Low-carbohydrate diets slow tumor development and substantially boost survival rates in the most common brain cancer in adults, according to a new study.

Researchers from the University of Florida studied mice models of human glioblastoma and found that a high-fat, low-carbohydrate diet helps stall the development of tumor cells and lengthened lifespan by 50 percent.

Lead researcher Brent Reynolds, a professor in the Lillian S. Wells Department of Neurosurgery at the University of Florida, said that the latest findings show that the ketogenic diet, which has been used for more than a century to decrease epileptic seizures, can also help stall cancer development. Reynolds explained that the diet works by decreasing the energy tumors need to develop. Previous studies revealed that glioblastoma tumors need large amounts of energy to grow and thrive - and the ketogenic diet stalls their growth by limiting the cancer's supply of glucose.

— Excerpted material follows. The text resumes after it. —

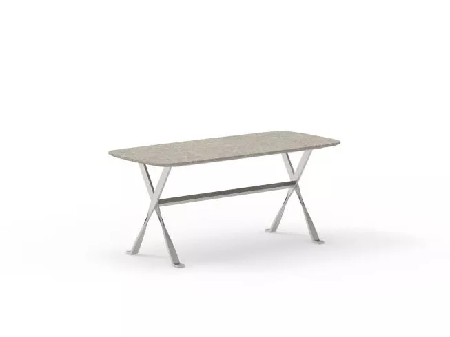 Stern INFERNO Esstisch • verschiedene AusführungenDas Tischsystem INTERNO besticht durch seine nach innen versetzten, schräg gestellten Tischbeine, die der gesamten Sitzgruppe einen attraktiven und dynamischen Look verleihen. Perfekt für Garten, Terrasse oder Balkon! Die Silverstar 2.0 Tischplatte – für höchsten Anspruch an Langlebigkeit und Design! Mit ihrer hohen Widerstandsfähigkeit gegenüber extremen Temperaturen (-20°C bis 160°C) ist diese Tischplatte sowohl kälte- als auch hitzebeständig. Zudem überzeugt sie durch ihre UV-Beständigkeit, Pflegeleichtigkeit und außergewöhnliche Abriebfestigkeit. Ihre kratzunempfindliche Oberfläche bleibt auch nach längerem Gebrauch makellos. Der schwarze Kern der Platte, der aus bis zu 50 Lagen harzimprägnierten Papiers besteht, verleiht ihr nicht nur Stabilität, sondern auch einen modernen Look. Diese Lagen werden unter hohem Druck und großer Hitze mit den Dekorpapieren auf der Ober- und Unterseite der Tischplatte verbunden, was für eine besonders langlebige und attraktive Oberfläche sorgt. Mit einer Plattenstärke von 13 mm ist die Silverstar 2.0 Tischplatte die perfekte Wahl für anspruchsvolle Kunden, die sowohl auf Funktionalität als auch auf ästhetische Details Wert legen. Produkteigenschaften Tischunterkante: 68,5 cmTischplatte Silverstar 2.0 oder TeakholzDesign: Stern

"While this is an effective treatment in our preclinical animal models, it is not a cure. However, our results are promising enough that the next step is to test this in humans," Reynolds added.

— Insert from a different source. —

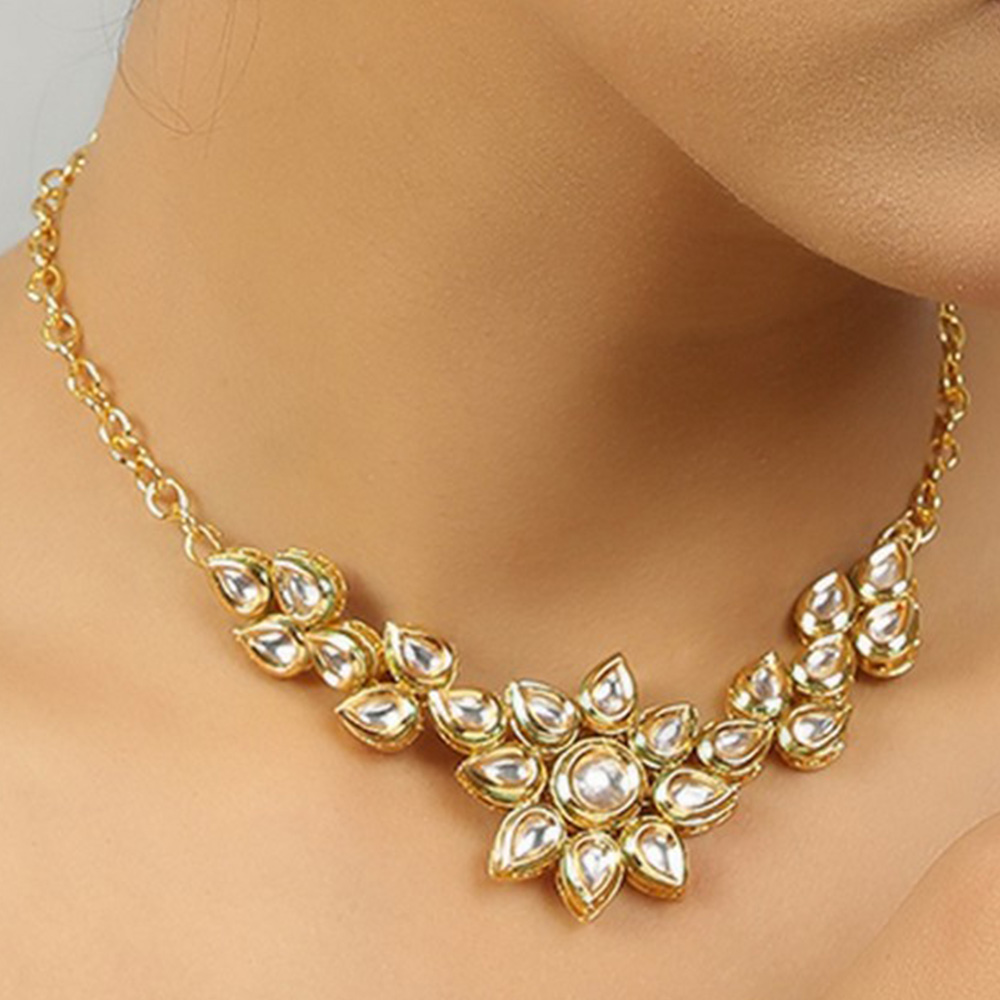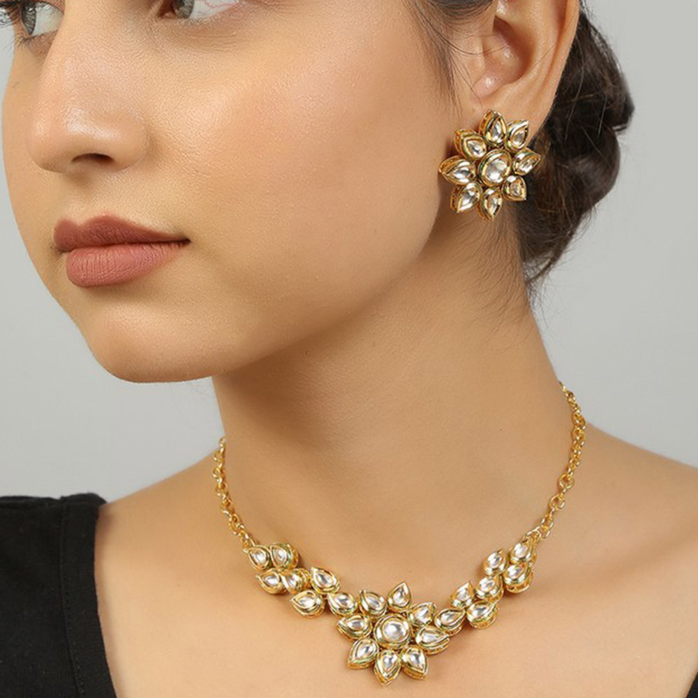 Celebrate individuality with our handcrafted 14-Inch Floral Kundan Necklace with Earrings. This exquisite set features a floral kundan necklace and matching earrings, perfect for bridal ensembles, festive occasions, and meaningful gifting. Packed & quality-checked by Indianshelf.

Researchers said that the ketogenic diet can also be modified using a coconut oil derivative that replaces some carbohydrates as an energy source so that it can potentially be more palatable because patients get to eat more carbohydrates and protein.

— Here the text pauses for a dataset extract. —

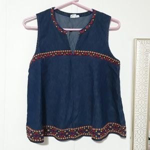 Gap Bohemian with Embroidered Detail (yellow/orange/red) Denim Tank Blouse Top

"When you're sick, you need as many comforts in your life as you can get and food is a huge comfort. That's the idea: Could we develop a beneficial diet but make it much easier for patients?" Reynolds said.

Study findings revealed that modified high-fat, low-carbohydrate diet increased life expectancy by 50 percent and slowed tumor progression by nearly half in mice glioblastoma models. Researchers noted that 10 percent of the modified diet and 55 percent of the control diet was from carbohydrates.

Reynolds and his team also found evidence that the modified ketogenic diet seemed to make radiation and chemotherapy therapy more effective against glioblastoma tumors. Researchers believe that the modified diet could be used as a supplementary therapy to boost chemotherapy and radiation effectiveness.

"This simple dietary approach may be able to reduce tumor progression and enhance standard of care treatments in cancers that are highly metabolically active," Reynolds concluded.

The findings are published in the journal Clinical Cancer Research.